→ **PROBLEM DETAILS**
Only one stretch of the data should be retyped: the lines from the line containing "Die weißen, schalenförmigen" through the line containing "こども、利用者が「幸せ」にな". Keep pictures out of it.

→ **DATA EXTRACTS**
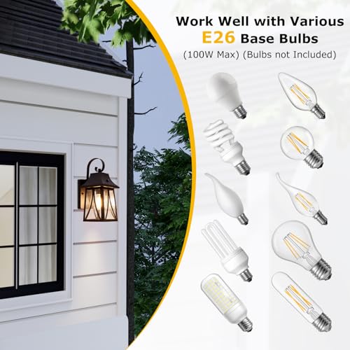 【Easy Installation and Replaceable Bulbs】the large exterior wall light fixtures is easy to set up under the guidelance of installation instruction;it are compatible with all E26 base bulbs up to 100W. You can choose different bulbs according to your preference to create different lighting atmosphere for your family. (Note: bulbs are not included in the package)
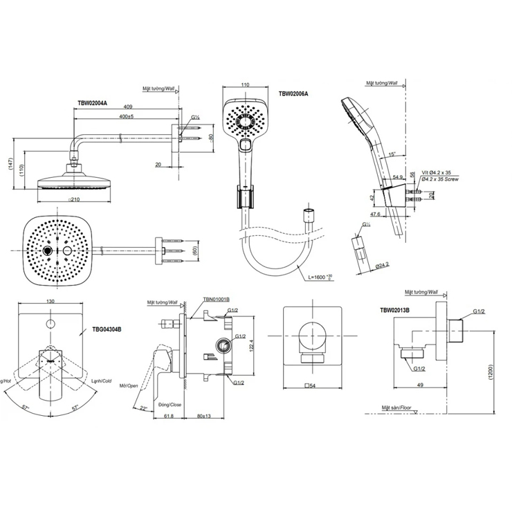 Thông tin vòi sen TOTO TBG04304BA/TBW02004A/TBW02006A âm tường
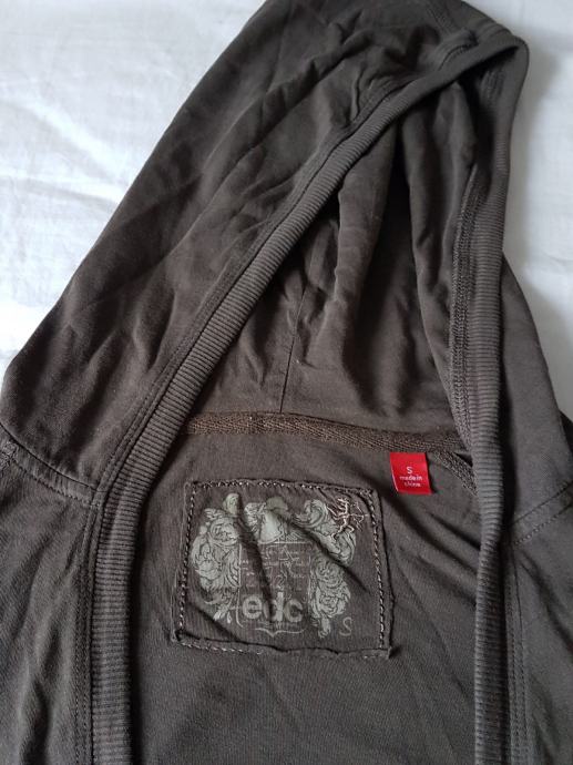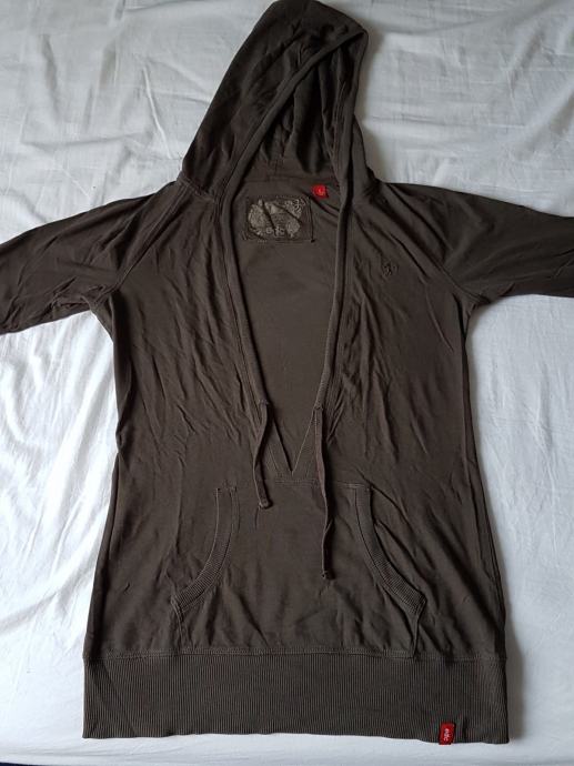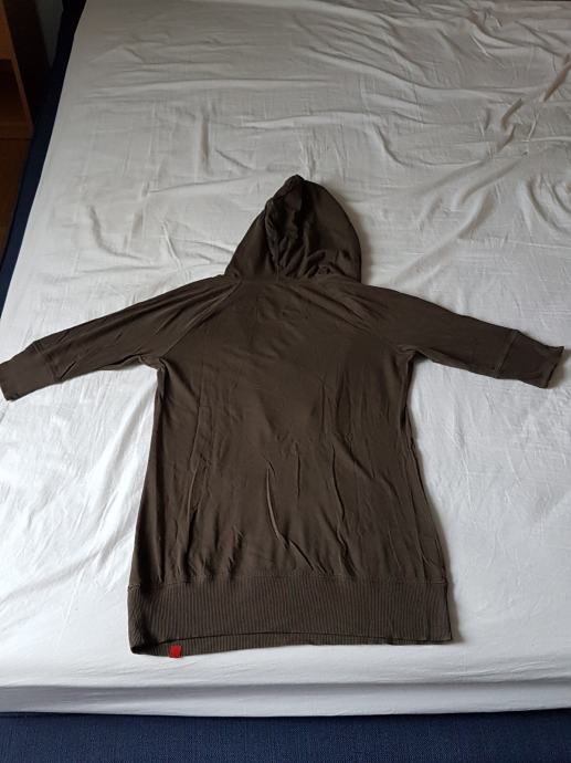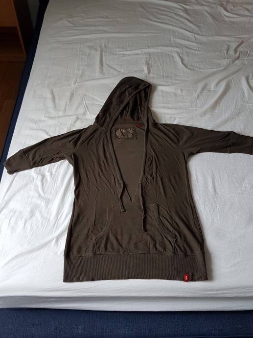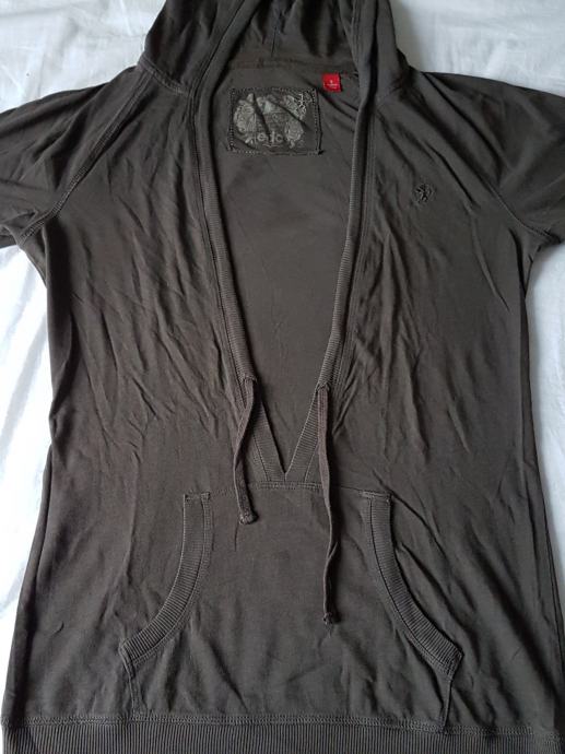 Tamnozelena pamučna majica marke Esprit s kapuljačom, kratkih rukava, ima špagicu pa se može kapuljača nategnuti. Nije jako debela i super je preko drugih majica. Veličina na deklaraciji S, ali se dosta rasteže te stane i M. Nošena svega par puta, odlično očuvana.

---

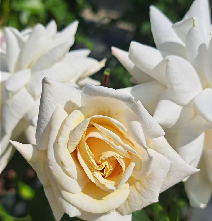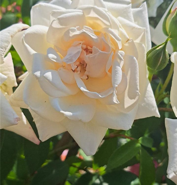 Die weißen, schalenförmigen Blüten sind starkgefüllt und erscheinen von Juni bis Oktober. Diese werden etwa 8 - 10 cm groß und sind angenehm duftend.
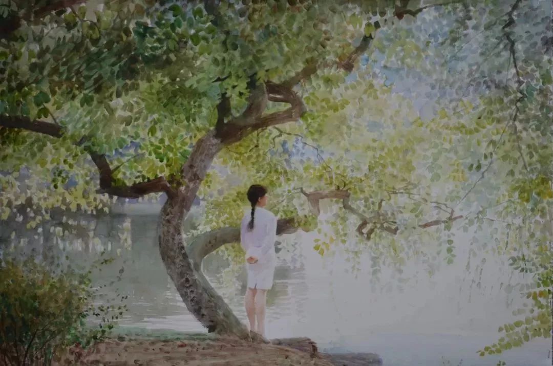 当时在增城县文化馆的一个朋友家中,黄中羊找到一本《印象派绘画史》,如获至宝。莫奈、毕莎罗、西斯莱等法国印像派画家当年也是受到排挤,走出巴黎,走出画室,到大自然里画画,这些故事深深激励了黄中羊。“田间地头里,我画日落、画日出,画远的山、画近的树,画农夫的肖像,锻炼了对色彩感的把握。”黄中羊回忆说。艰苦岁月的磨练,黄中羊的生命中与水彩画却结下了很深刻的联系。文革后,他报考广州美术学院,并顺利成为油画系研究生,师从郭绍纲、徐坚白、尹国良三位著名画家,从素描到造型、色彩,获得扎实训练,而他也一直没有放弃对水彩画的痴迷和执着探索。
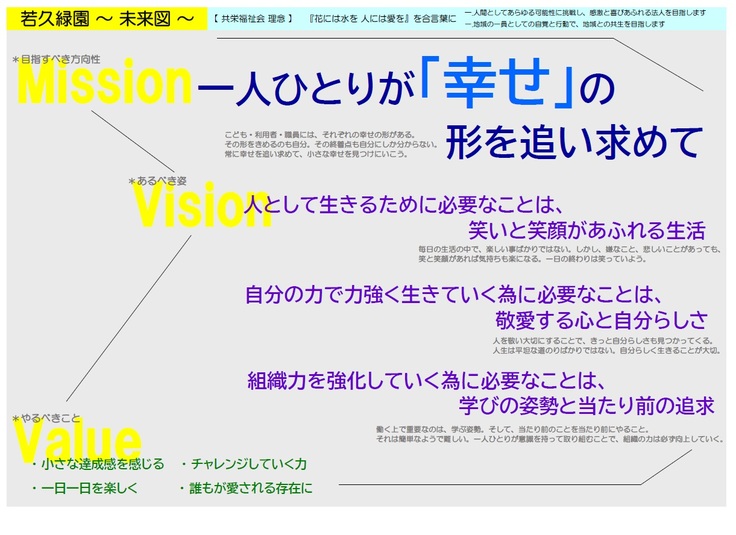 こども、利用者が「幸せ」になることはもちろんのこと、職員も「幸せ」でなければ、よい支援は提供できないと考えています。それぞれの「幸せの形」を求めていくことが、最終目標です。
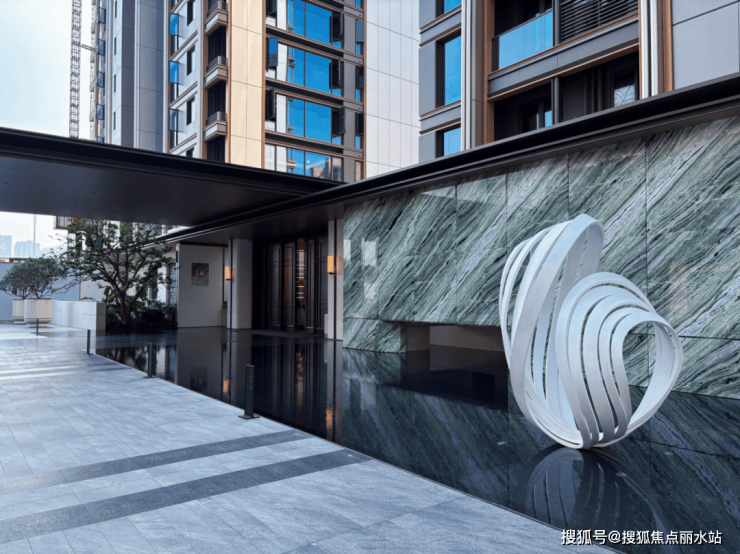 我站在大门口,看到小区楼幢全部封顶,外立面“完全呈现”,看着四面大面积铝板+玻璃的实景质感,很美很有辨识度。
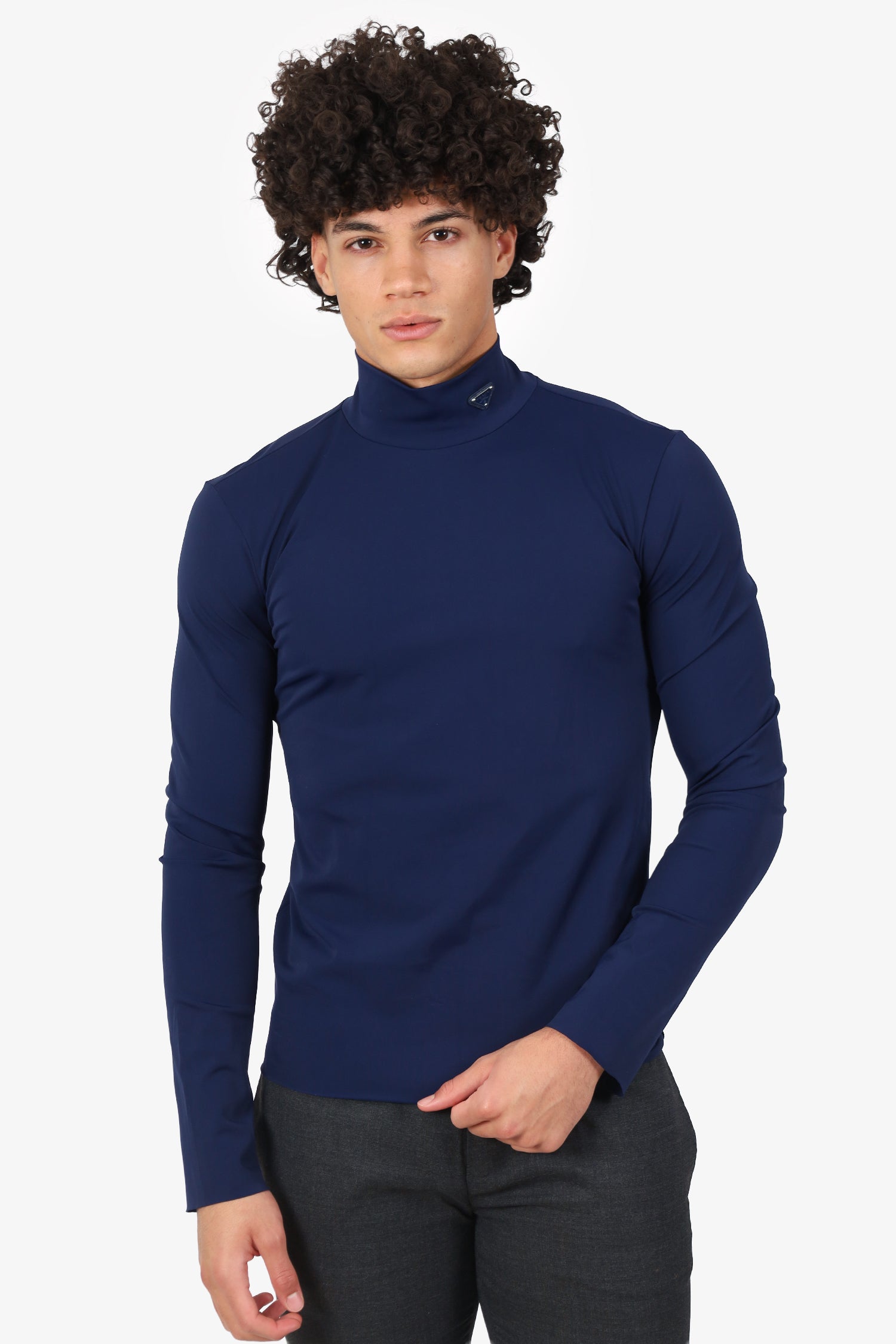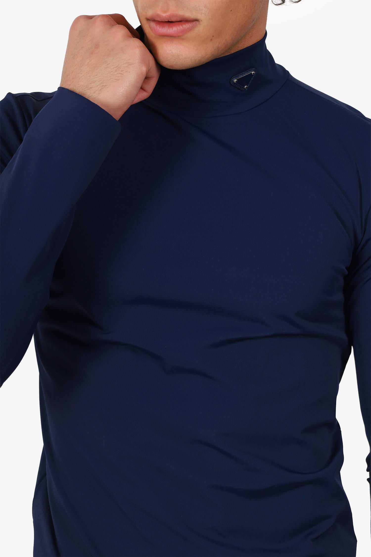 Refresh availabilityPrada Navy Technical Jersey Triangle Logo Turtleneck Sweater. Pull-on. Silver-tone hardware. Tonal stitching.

→ **SOLUTION**
 Die weißen, schalenförmigen Blüten sind starkgefüllt und erscheinen von Juni bis Oktober. Diese werden etwa 8 - 10 cm groß und sind angenehm duftend.
 当时在增城县文化馆的一个朋友家中,黄中羊找到一本《印象派绘画史》,如获至宝。莫奈、毕莎罗、西斯莱等法国印像派画家当年也是受到排挤,走出巴黎,走出画室,到大自然里画画,这些故事深深激励了黄中羊。“田间地头里,我画日落、画日出,画远的山、画近的树,画农夫的肖像,锻炼了对色彩感的把握。”黄中羊回忆说。艰苦岁月的磨练,黄中羊的生命中与水彩画却结下了很深刻的联系。文革后,他报考广州美术学院,并顺利成为油画系研究生,师从郭绍纲、徐坚白、尹国良三位著名画家,从素描到造型、色彩,获得扎实训练,而他也一直没有放弃对水彩画的痴迷和执着探索。
 こども、利用者が「幸せ」になることはもちろんのこと、職員も「幸せ」でなければ、よい支援は提供できないと考えています。それぞれの「幸せの形」を求めていくことが、最終目標です。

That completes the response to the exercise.